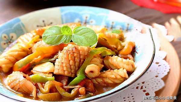 3.加入鱿鱼卷翻炒均匀。加入适量沙茶酱、白胡椒粉和少许水,搅拌均匀后煮1分钟入味。出锅前勾一些水淀粉,滴几滴香油出锅。
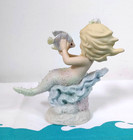 Vintage Mermaid & Dolphin Ocean Scene Figurine Sea Shell Beach House Home Decor
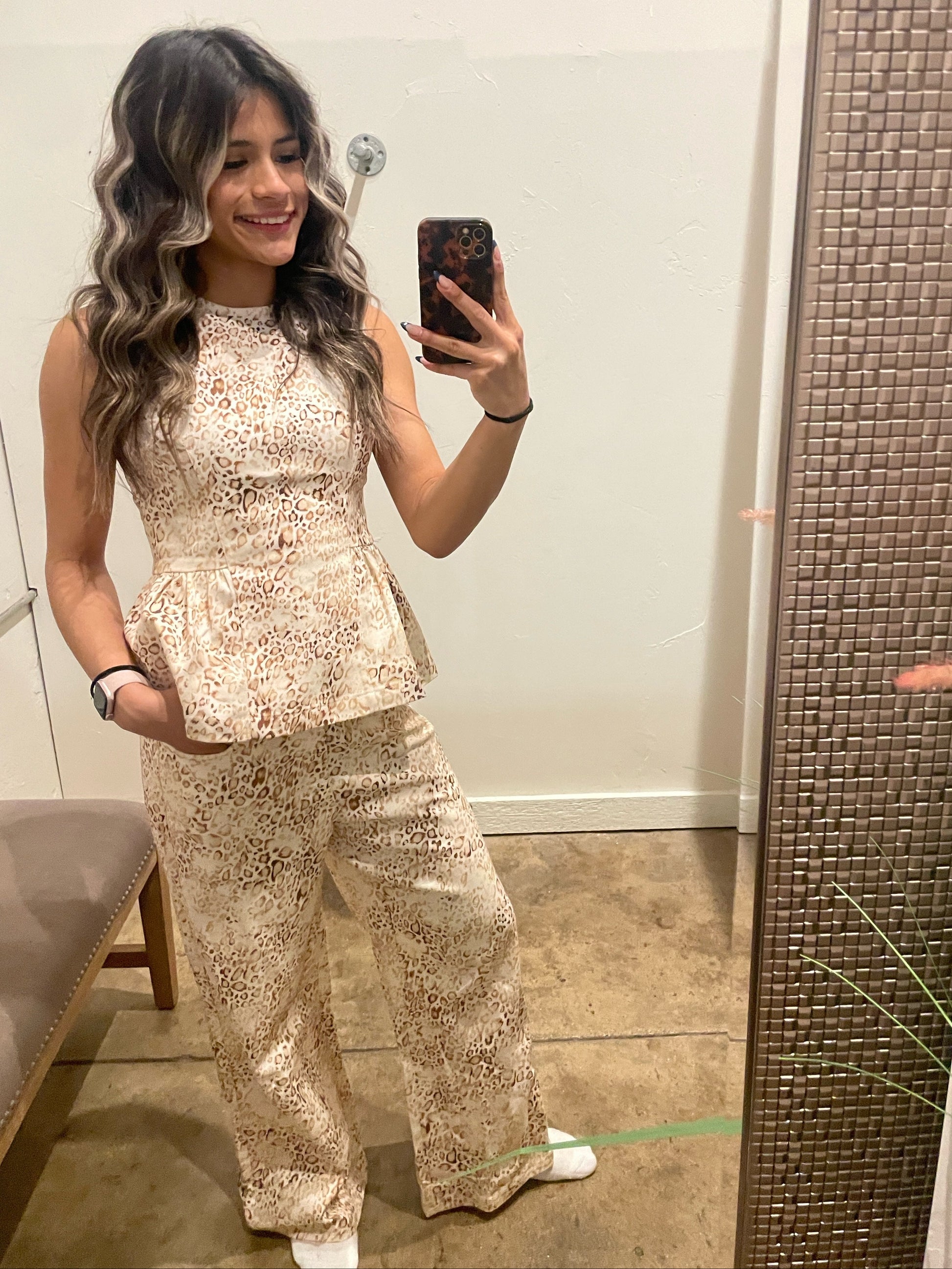 COLORS OF TAN, BEIGE, CREAM, TAUPE, BROWN. BOTTOMS ARE LIGHT WEIGHT DENIM JEANS WITH THE TRADITIONAL FRONT AND BACK POCKETS, ZIPPER AND BUTTON CLOSURE, WIDE STRAIGHT LEG. TOP IS SLEEVELESS, HIGH NECK, RUFFLE HEM, ZIPPER BACK
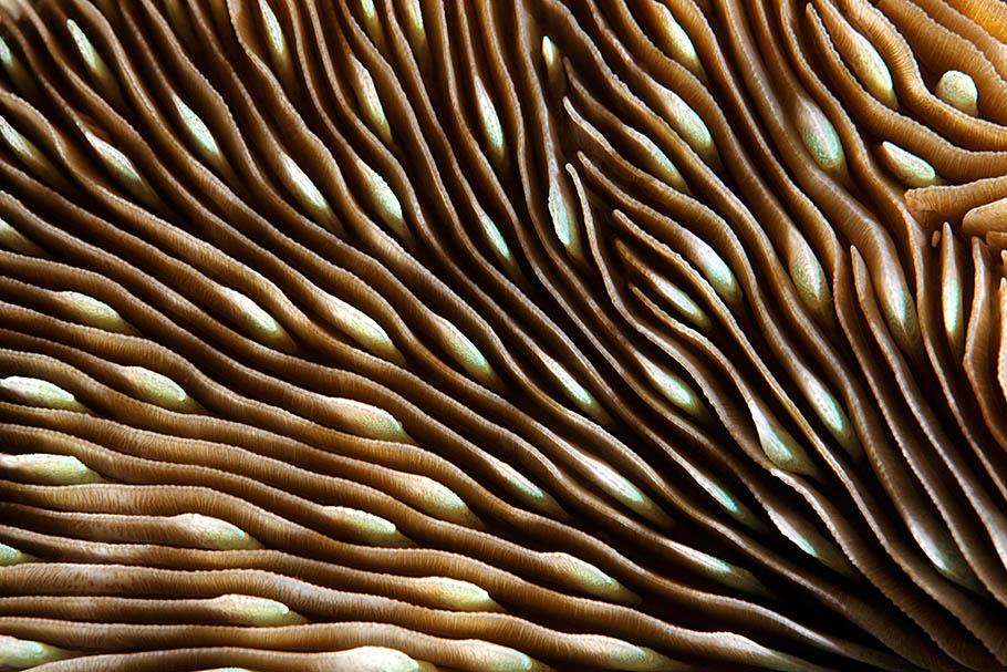 This solitary coral doesn’t form colonies and is composed of only one polyp of either a circular or elongated shape. Symbiotic algae reside within the coral that provide it with nutrients through photosynthesis. Their beautiful tentacles form concentric circles that transfer captured plankton to the mouth as a supplement to their diet. In this close up image we can see how its radial structure creates a dynamic composition that evokes the journey of sperm in search of a new life.
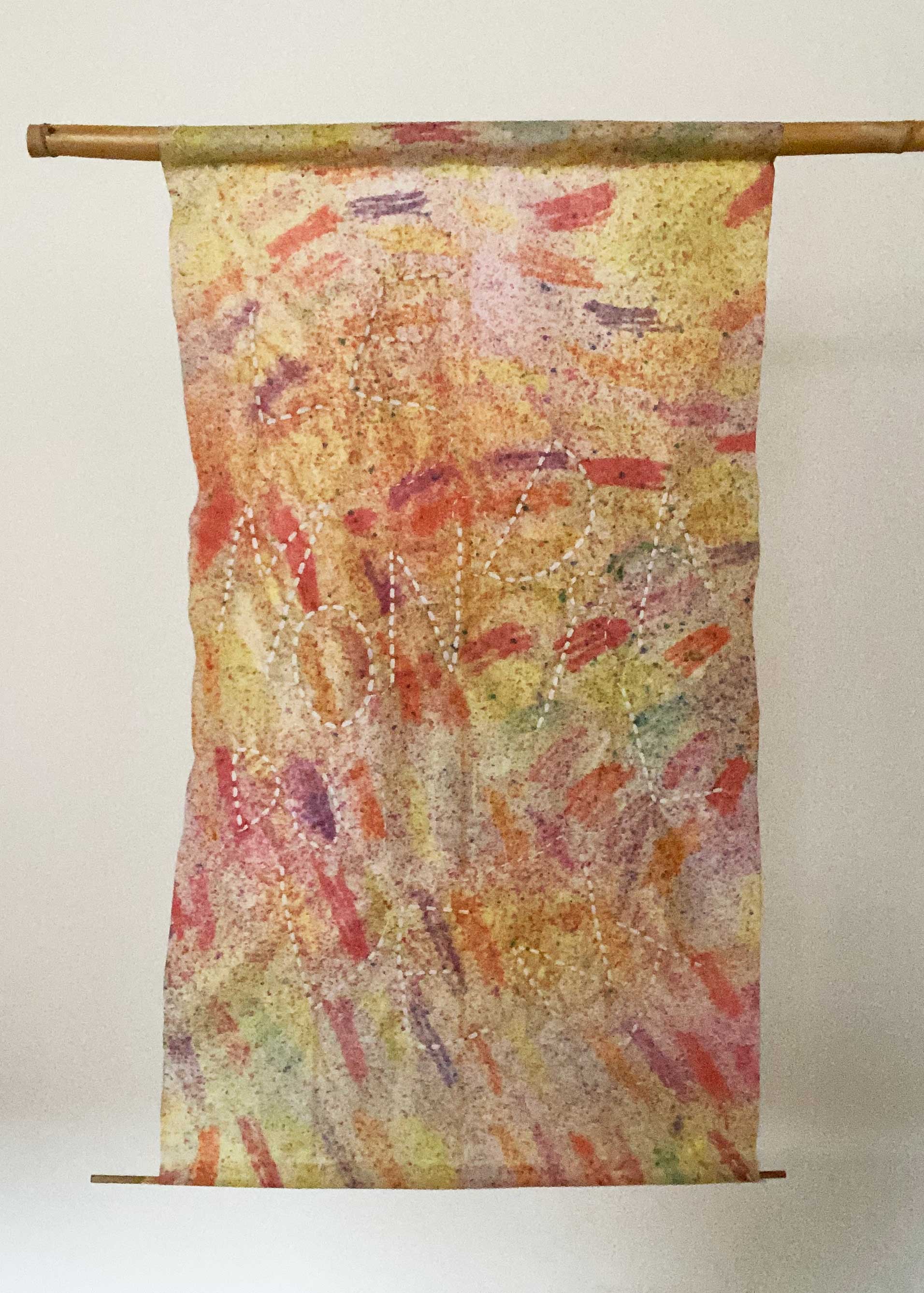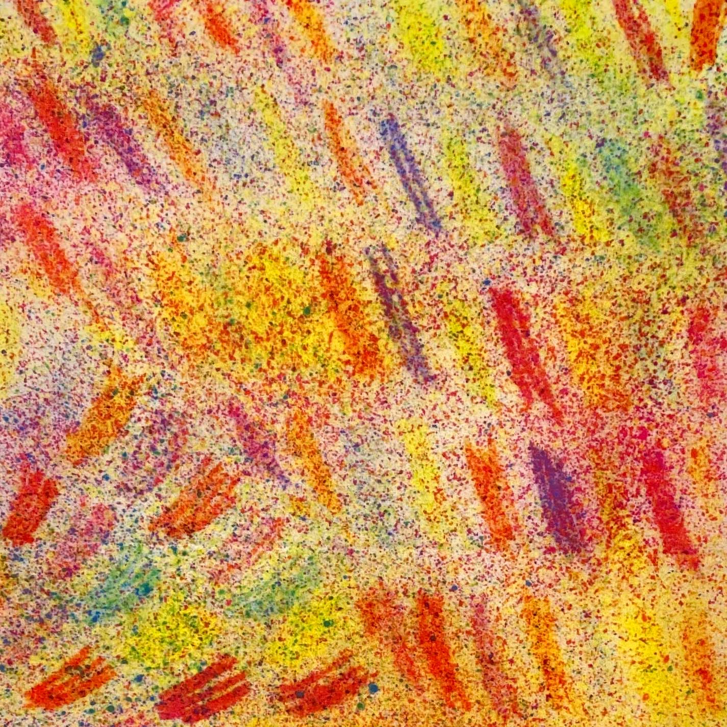Chaque motif représente un type de vent: faible, moyen et fort... Afin d'approfondir mon principe, j'ai alors ajouté un fond réalisé aux crayons de couleur pour accentuer l'idée de mouvement du vent.
====
### [Instructions to follow]
The last line of the entries marks the end, and the line with "Vintage Mermaid &" marks the start. Output exactly those two lines and every line between them, nothing else, with the pictures left out.

### [Your response]
 Vintage Mermaid & Dolphin Ocean Scene Figurine Sea Shell Beach House Home Decor
 COLORS OF TAN, BEIGE, CREAM, TAUPE, BROWN. BOTTOMS ARE LIGHT WEIGHT DENIM JEANS WITH THE TRADITIONAL FRONT AND BACK POCKETS, ZIPPER AND BUTTON CLOSURE, WIDE STRAIGHT LEG. TOP IS SLEEVELESS, HIGH NECK, RUFFLE HEM, ZIPPER BACK
 This solitary coral doesn’t form colonies and is composed of only one polyp of either a circular or elongated shape. Symbiotic algae reside within the coral that provide it with nutrients through photosynthesis. Their beautiful tentacles form concentric circles that transfer captured plankton to the mouth as a supplement to their diet. In this close up image we can see how its radial structure creates a dynamic composition that evokes the journey of sperm in search of a new life.
Chaque motif représente un type de vent: faible, moyen et fort... Afin d'approfondir mon principe, j'ai alors ajouté un fond réalisé aux crayons de couleur pour accentuer l'idée de mouvement du vent.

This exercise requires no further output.